1/11/22- Amy Skjerseth – “Believing in Life after Auto-Tune”

Please join both the Theater and Performance Studies and 20th/21st Century Cultures Workshops for:

Amy Skjerseth

PhD Candidate, Franke Institute Dissertation Completion Residential Fellow, Cinema and Media Studies

Who will Present:

Believing in Life after Auto-Tune: From a Gimmick to a Gambit for Creativity

Respondent: Michael Kinney, PhD Candidate in Musicology, Stanford University, AMS 50 Dissertation Fellow

Tuesday, January 11,
4:30–6:00 PM CST
Over Zoom

Please register for the workshop HERE. The workshop coordinators will circulate the Zoom link and Amy Skjerseth‘s paper to registrants prior to the workshop. 

(Please do not cite or circulate the works-in-progress without the author’s explicit consent.)

We are committed to making our workshop fully accessible to persons with disabilities. Please direct any questions or concerns to TAPS workshop coordinators, Michael Stablein (mstableinjr@uchicago.edu) and Catrin Dowd (catrindowd@uchicago.edu) or 20th/21st c. workshop coordinators, Dana Glaser (dglaser@uchicago.edu) and Chris Gortmaker (cgortmaker@uchicago.edu)

ABSTRACT: Critics and musicians have derided Auto-Tune as inauthentic and unnatural since its inception. Exaggerated uses of Auto-Tune, popularized by Cher’s 1998 hit “Believe,” have cast pitch correction as antithetical to vocal expression and ability—technology that effaces one’s “true” voice. Since singers don’t have to be in tune and can even use Auto-Tune live, critics often call it a gimmick. Auto-Tune exemplifies Sianne Ngai’s capitalist aesthetic category of the gimmick in its attractive-yet-repulsive promise to save time and labor (2020): it at once works too much and too little, is too backward but also too futuristic.

This chapter-in-progress examines music videos by Cher and Jennifer Lopez to dissect Auto-Tune’s complex discourse as a gimmick—and to show its status as a fundamentally audio-visual phenomenon. (After all, visual contours are integral to Auto-Tune’s waveform-tuning algorithm, which derived from deep-sea oil sounding techniques.) The sound of Auto-Tune is often judged on the basis of sight—whether the singer’s voice is in tune with expected performances of their gender or race. Auto-Tune’s gendered and racialized logics have been analyzed predominately through sonic means of production and reception, but a fuller picture can be gained by studying Auto-Tune’s accompanying imagery—ads, album covers, and music videos that illustrate Auto-Tuned effects. Visual depictions of Auto-Tune reveal not only essentialized beliefs about which voices index which bodies but also ways of interpreting how pop stars are branded as commercial personas.

While scholars are quick to show how Auto-Tune polishes “unruly” voices for easy consumption, performers like Cher and Jennifer Lopez exhibit cracks in its icy veneer.
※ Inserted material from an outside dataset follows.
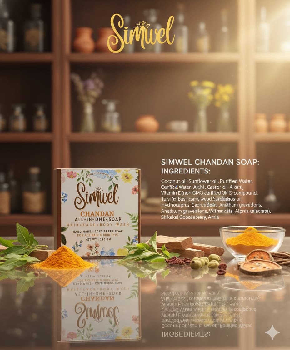 Discover the power of Ayurveda with Simwel All-In-One Soaps — thoughtfully handcrafted to care for your hair, face, and body in one simple step.

In their music videos, visual metaphors of teleportation and star personas show how Auto-Tune is more than a gimmick, as it can be wielded to create alternate forms of star personas that critique the commercialism of the pop music industry. Cher’s and Lopez’s imagery contextualizes Auto-Tune as a tool for new futurisms for pop personas before and after Y2K, and shows how Auto-Tune can transcend gimmickry to defy stereotypes of gender and genre.

BIO: Amy Skjerseth (she/her) is a PhD Candidate in the Department of Cinema and Media Studies at the University of Chicago. She co-organizes the Great Lakes Association for Sound Studies and is a core producer for the sound studies podcast Phantom Power. As a Franke Residential Dissertation Completion Fellow, she is currently finishing her dissertation, which investigates postwar music recording and broadcast technologies that inspired American and British media-makers to politicize popular music. More broadly, her research explores how audio-visual technologies shape aesthetics and politics, with projects on gendered and racialized lip-sync conventions and on “visual music” films from underrecognized women artists.